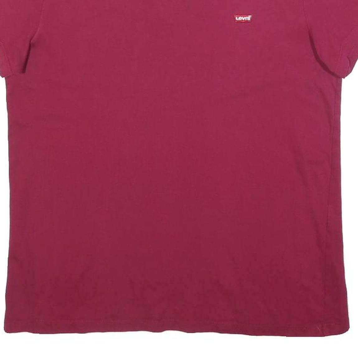 This LEVI'S womens T-shirt is a solid deep red colour with a small red and white LEVI'S logo tag on the front left chest. It features a classic crew neck and short sleeves for a timeless casual look. The shirt is free from any additional prints or patterns, emphasising a clean and versatile style.
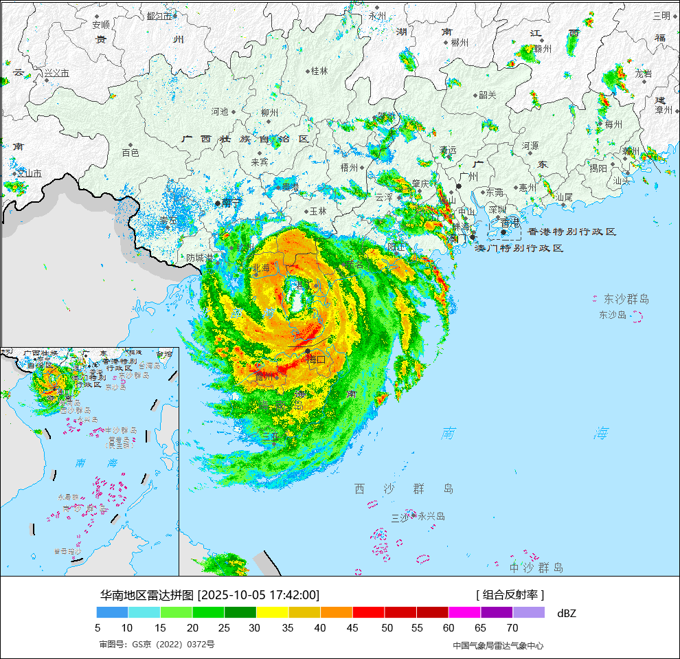 受其影响,今天夜间至明天,海南岛中西部、广东西南部、广西南部和西部等地部分地区有暴雨到大暴雨,局地特大暴雨。南海西北部、北部湾、琼州海峡、广西南部及沿海、广东西南部及沿海、海南岛沿海将有6至8级、阵风9至10级的大风,其中,台风中心经过的附近海域或地区风力有9至11级、阵风12至13级。
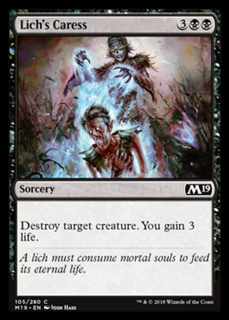 Magic: the Gathering (mtg) Common Sorcery Lich's Caress from Core Set 2019 (M19) last updated 2026-02-21 16:53:03

• What the task requires: Your answer should copy the listing word for word, with no pictures in it.

• Solved exercise:
 This LEVI'S womens T-shirt is a solid deep red colour with a small red and white LEVI'S logo tag on the front left chest. It features a classic crew neck and short sleeves for a timeless casual look. The shirt is free from any additional prints or patterns, emphasising a clean and versatile style.
 受其影响,今天夜间至明天,海南岛中西部、广东西南部、广西南部和西部等地部分地区有暴雨到大暴雨,局地特大暴雨。南海西北部、北部湾、琼州海峡、广西南部及沿海、广东西南部及沿海、海南岛沿海将有6至8级、阵风9至10级的大风,其中,台风中心经过的附近海域或地区风力有9至11级、阵风12至13级。
 Magic: the Gathering (mtg) Common Sorcery Lich's Caress from Core Set 2019 (M19) last updated 2026-02-21 16:53:03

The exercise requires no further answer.